* **What you need to do**
Below are records; the lines starting at the one with "Lifeguard man wearing" and ending at the one with "The colossal entrance" must be reproduced exactly, both included. Pictures must not appear.

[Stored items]

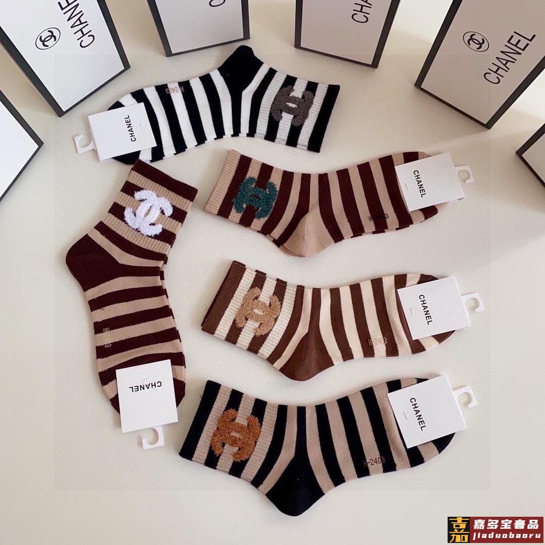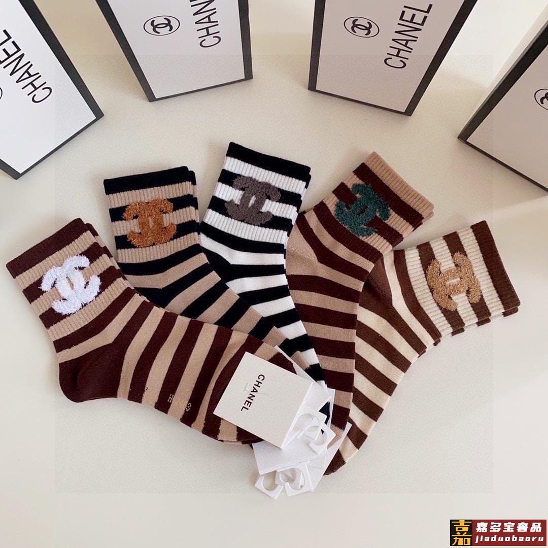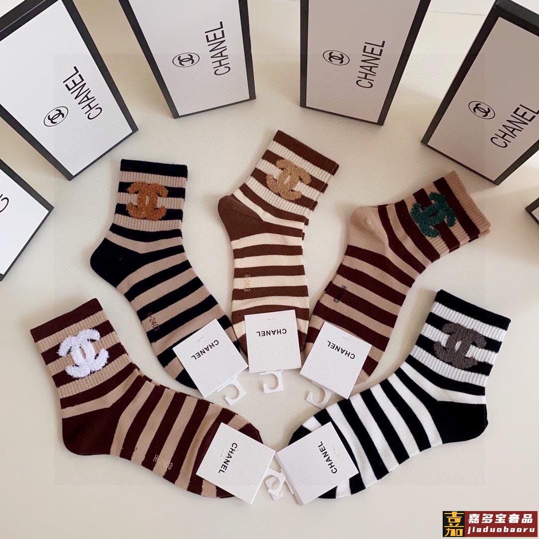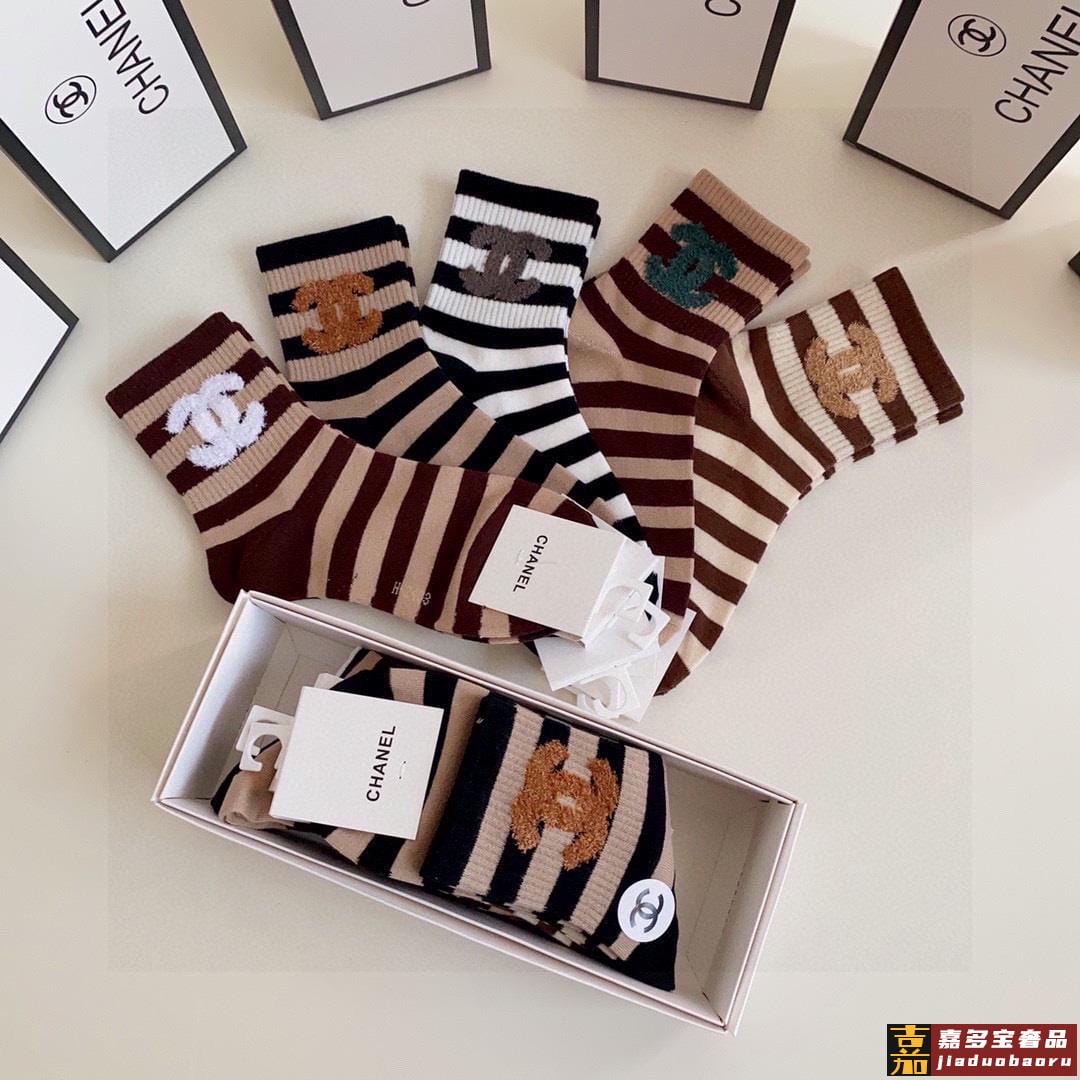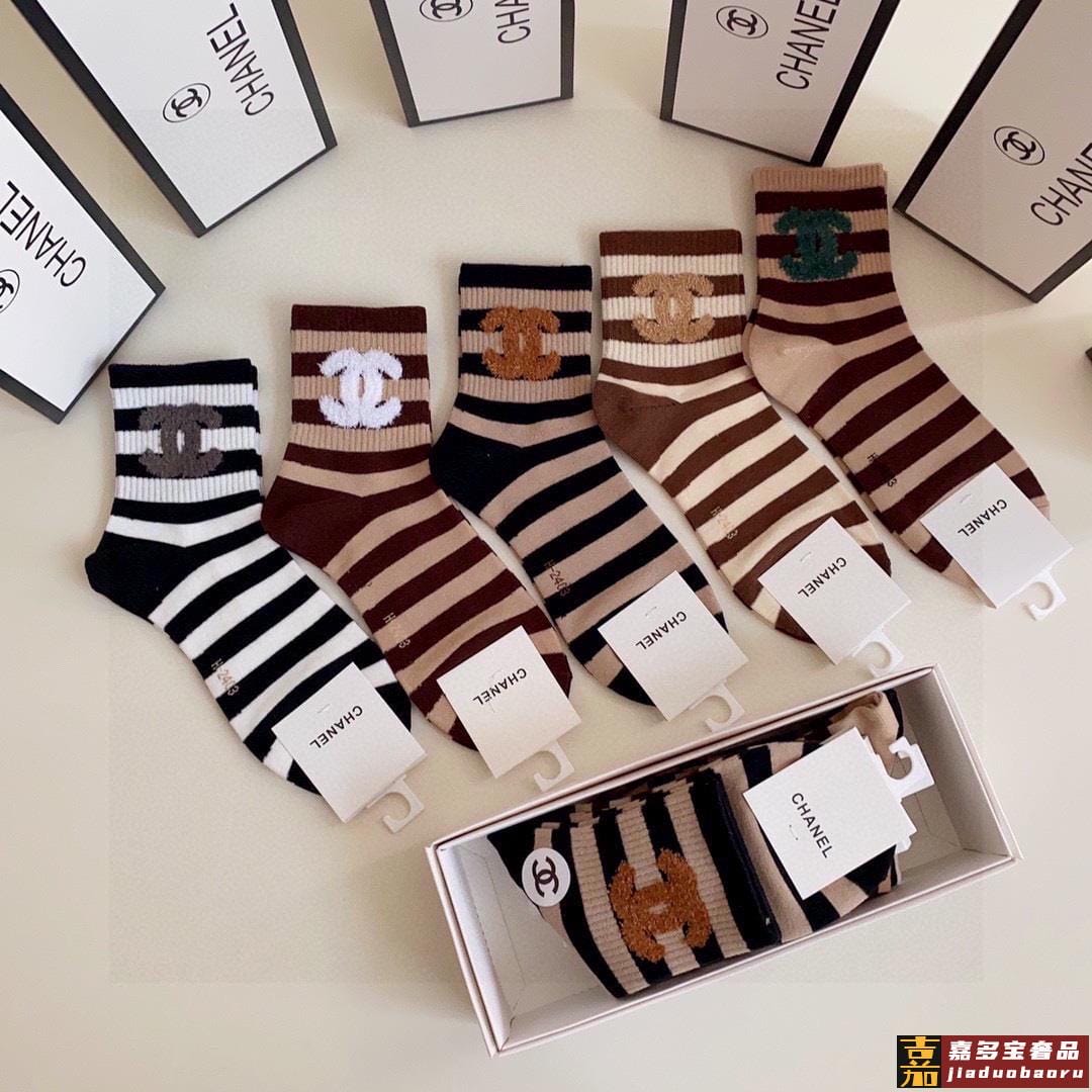 配包装香奈儿新款经典中短款堆堆袜袜子一盒五双专柜同步筒袜袜子
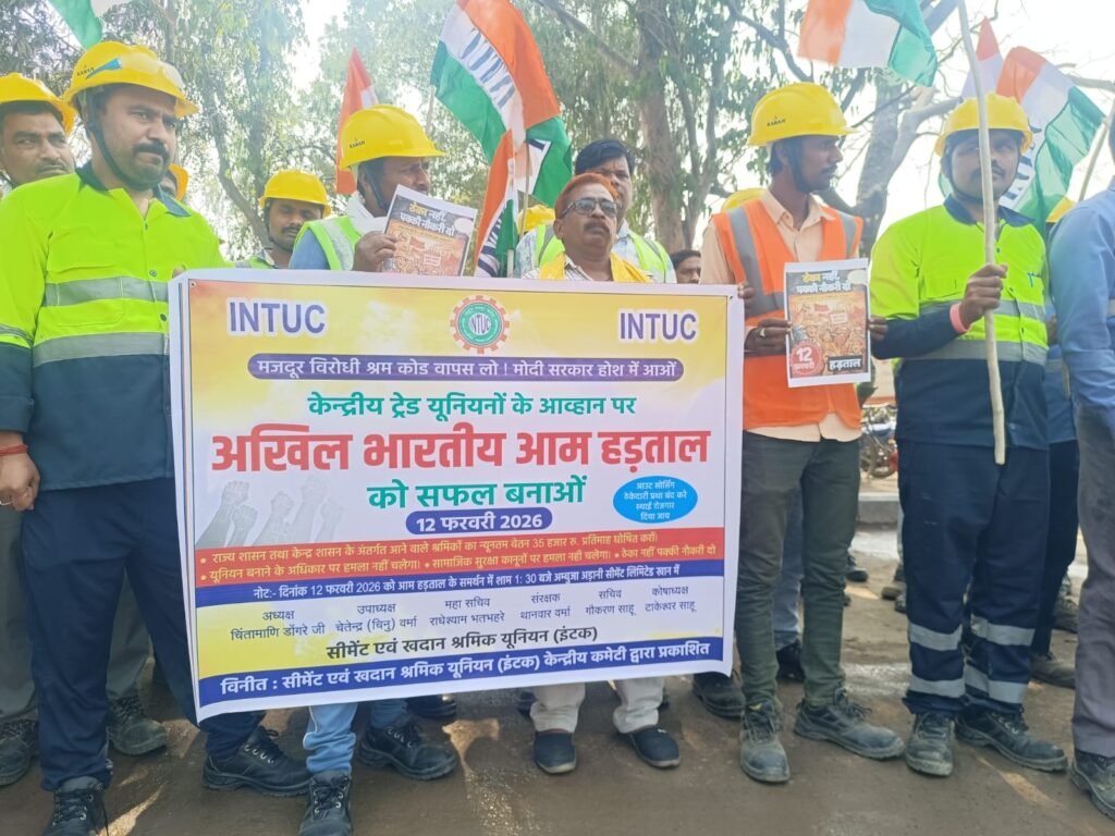 दिनांक 12 फरवरी 2026 के भारत बंद को राष्ट्रीय मजदूर कांग्रेस ट्रेड यूनियन (इंटक) अंबुजा अडानी सीमेंट प्लांट रवान मुख्य गेट मे आम सभा कर भारत बंद को समर्थन किया गया देश भर मे सभी विपक्षी दलों से मजदूर संगठन को समर्थन मिल रहा है बलौदाबाजार मजदूर संगठन को कॉग्रेस पार्टी का मिला समर्थन प्रमुख रूप से उपस्थित पूर्व पाठय् निगम मंडल अध्यक्ष, एवं पूर्व विधायक प्रत्यासी बलौदाबाजार शैलेश नितिन त्रिवेदी, बलौदाबाजार.ब्लाक शहर अध्यक्ष प्रवीण सेन,ग्रामीण अध्यक्ष दीपक साहू, इंटक युनियन उपाअध्यक्ष चेतेन्द्र चीनू वर्मा ,महा सचिव राधेश्याम भतपहरे, कोषाध्यक्ष टाकेश्वर साहू,एवं इंटक युनियन के सभी सदस्य उपस्थित रहे।
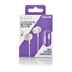 Écouteurs intra-auriculaires avec microphone et bouton multifonction. Connexion USB-C.
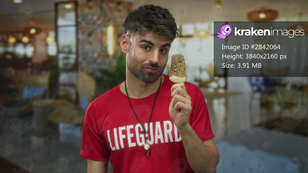 Lifeguard man wearing red shirt holds icecream popsicle bar with hand in hotel building; summer delight.
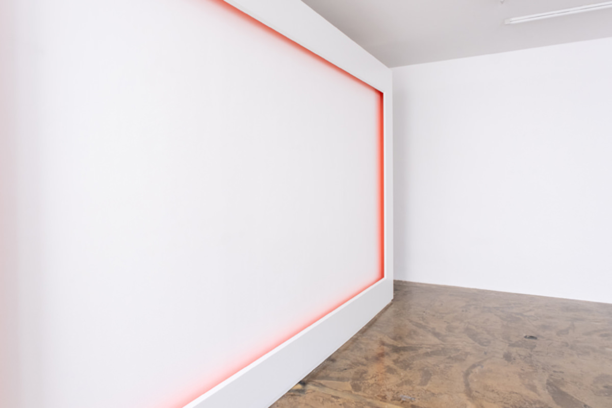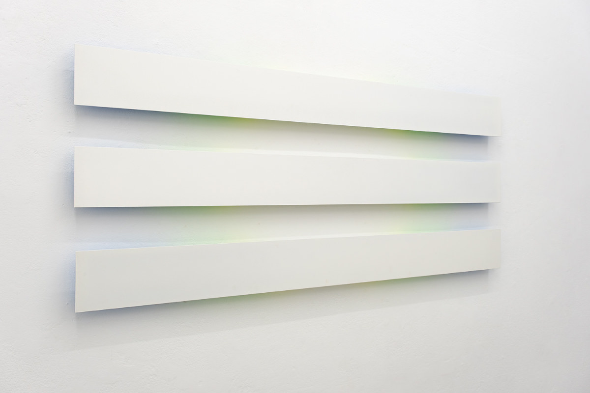 Wandskulpturen die sich in das Weiß der Wand (ebenfalls) weiß einfügen, aber abheben und Abstand nehmen. Eine Farbbeschichtung - die für Betrachter*innen nicht direkt sichtbar ist -reflektiert farbige Schatten an die Wand. Wir nehmen diesen Farbschein wahr, der sowohl mit künstlichem Raumlicht aber auch bei Tageslicht erkennbar ist.
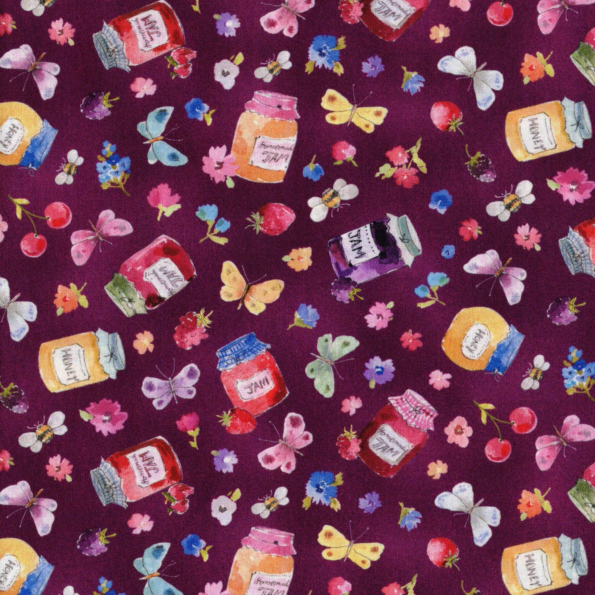 Tissu en 100% coton à imprimé pots de confiture. Il est idéal pour la réalisation d'accessoires : sacs, trousses, taies d'oreiller, sacs à tarte, tabliers... comme pour la réalisation de vêtements : robe, chemisier, top,... C'est un coton tissé serré, il est donc un peu plus épais et plus résistant que la popeline de coton.
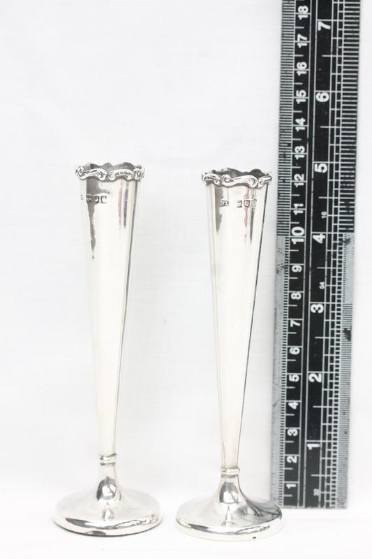 Lot 121 - PAIR SILVER BUD VASES - LONDON
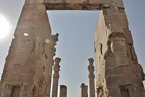 The colossal entrance figures were often followed by a hero grasping a wriggling lion, also colossal in scale and in high relief. In the palace of Sargon II at Dur-Sharrukin, a group of at least seven lamassu and two such heroes with lions surrounded the entrance to the "throne room", "a concentration of figures which produced an overwhelming impression of power."[14] They also appear on cylinder seals. Notable examples include those at the Gate of All Nations at Persepolis in Iran, the British Museum in London, the Louvre in Paris, the National Museum of Iraq in Baghdad, the Metropolitan Museum of Art in New York, and the University of Chicago Oriental Institute. Several examples left in situ in northern Iraq were destroyed in the 2010s by the Islamic State of Iraq and the Levant when they occupied the area, as were those in the Mosul Museum.
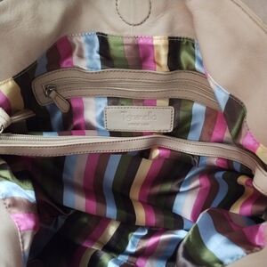 Crafted in buttery soft premium leather. Functionality with elegance. Spacious interior and refined design. Dual shoulder straps. Silver-toned hardware. Magnetic top closure. Signature Tignanello striped satiny lining. Measures approximately 13"x15"x6". From a smoke-free but pet-friendly home. See pics for condition.
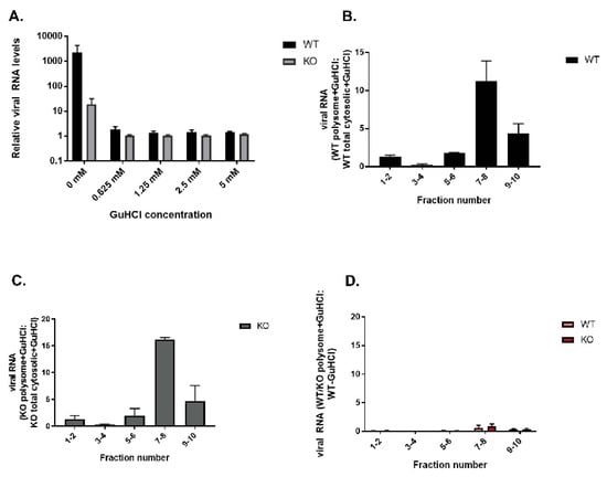 Polysomes can assemble efficiently in the absence of genome amplification. (A) Treatment of poliovirus-infected WT and KO hRPE cells with increasing concentrations of GuHCl. Cells were harvested at 4 hpi. (B–D) Polysome analysis as carried out in Figure 9 except that cells were treated with 2.5 mM GuHCl to inhibit viral RNA synthesis. In panel (D), polysome-associated viral RNA collected from WT or KO hRPE cells treated with GuHCl is represented as a ratio of the total cytosolic viral RNA collected from mock-treated, poliovirus-infected WT cells.
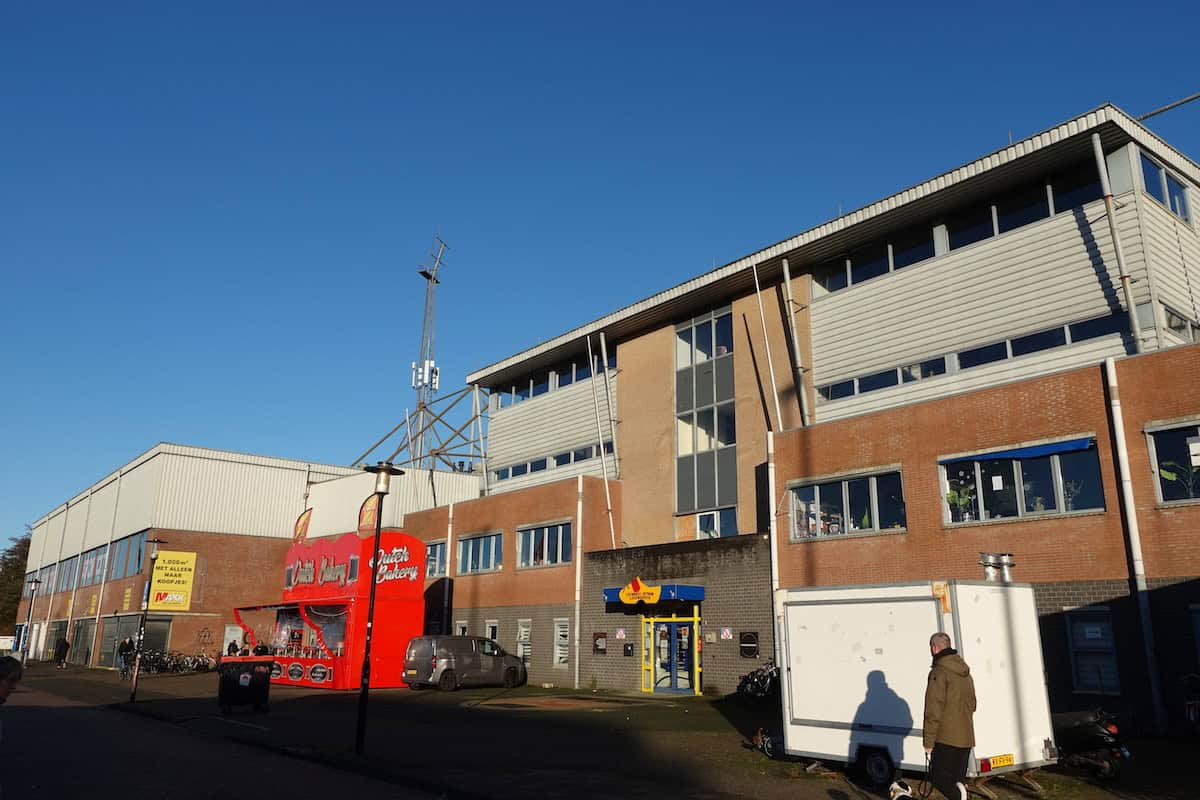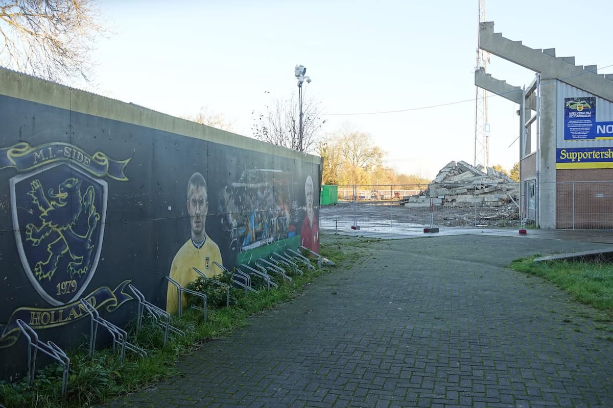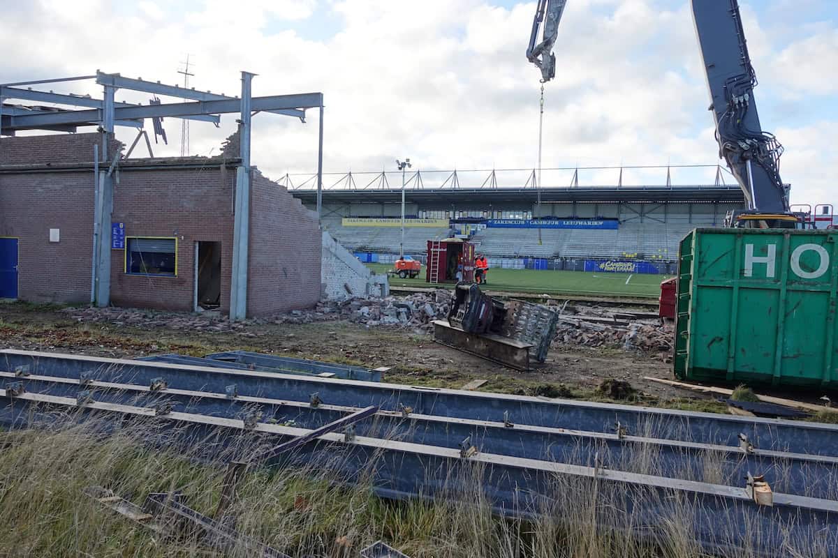 Op twee vrijdagmiddagen, eind 2025, reis ik naar Leeuwarden om de sloop van dichtbij mee te maken. Aangekomen op het Cambuurplein parkeer ik mijn OV-fiets bij de levendig drukke supermarkt die tegen de oude hoofdtribune (West) aangeplakt zit. Het is halverwege de middag, bij de oliebollenkraam is het rustig. De Vietnamese loempiakar blijkt gesloten. Ik wandel richting de oude Oost-tribune, die nog maar voor een deel overeind staat. Het hek naar de voormalige voetbalvelden van v.v. Leeuwarden is open en ik ga het terrein op. Het heeft flink geregend de afgelopen weken en wanneer ik van het gebaande pad richting stadionhek loop, zak ik regelmatig weg in de blubber. De sloop van dichtbij gadeslaan lukt niet: de vriendelijke slopers laten mij luid en duidelijk weten dat het oude stadion verboden terrein is voor ramptoeristen.

* **Solution for this exercise**
 Lifeguard man wearing red shirt holds icecream popsicle bar with hand in hotel building; summer delight.
 Wandskulpturen die sich in das Weiß der Wand (ebenfalls) weiß einfügen, aber abheben und Abstand nehmen. Eine Farbbeschichtung - die für Betrachter*innen nicht direkt sichtbar ist -reflektiert farbige Schatten an die Wand. Wir nehmen diesen Farbschein wahr, der sowohl mit künstlichem Raumlicht aber auch bei Tageslicht erkennbar ist.
 Tissu en 100% coton à imprimé pots de confiture. Il est idéal pour la réalisation d'accessoires : sacs, trousses, taies d'oreiller, sacs à tarte, tabliers... comme pour la réalisation de vêtements : robe, chemisier, top,... C'est un coton tissé serré, il est donc un peu plus épais et plus résistant que la popeline de coton.
 Lot 121 - PAIR SILVER BUD VASES - LONDON
 The colossal entrance figures were often followed by a hero grasping a wriggling lion, also colossal in scale and in high relief. In the palace of Sargon II at Dur-Sharrukin, a group of at least seven lamassu and two such heroes with lions surrounded the entrance to the "throne room", "a concentration of figures which produced an overwhelming impression of power."[14] They also appear on cylinder seals. Notable examples include those at the Gate of All Nations at Persepolis in Iran, the British Museum in London, the Louvre in Paris, the National Museum of Iraq in Baghdad, the Metropolitan Museum of Art in New York, and the University of Chicago Oriental Institute. Several examples left in situ in northern Iraq were destroyed in the 2010s by the Islamic State of Iraq and the Levant when they occupied the area, as were those in the Mosul Museum.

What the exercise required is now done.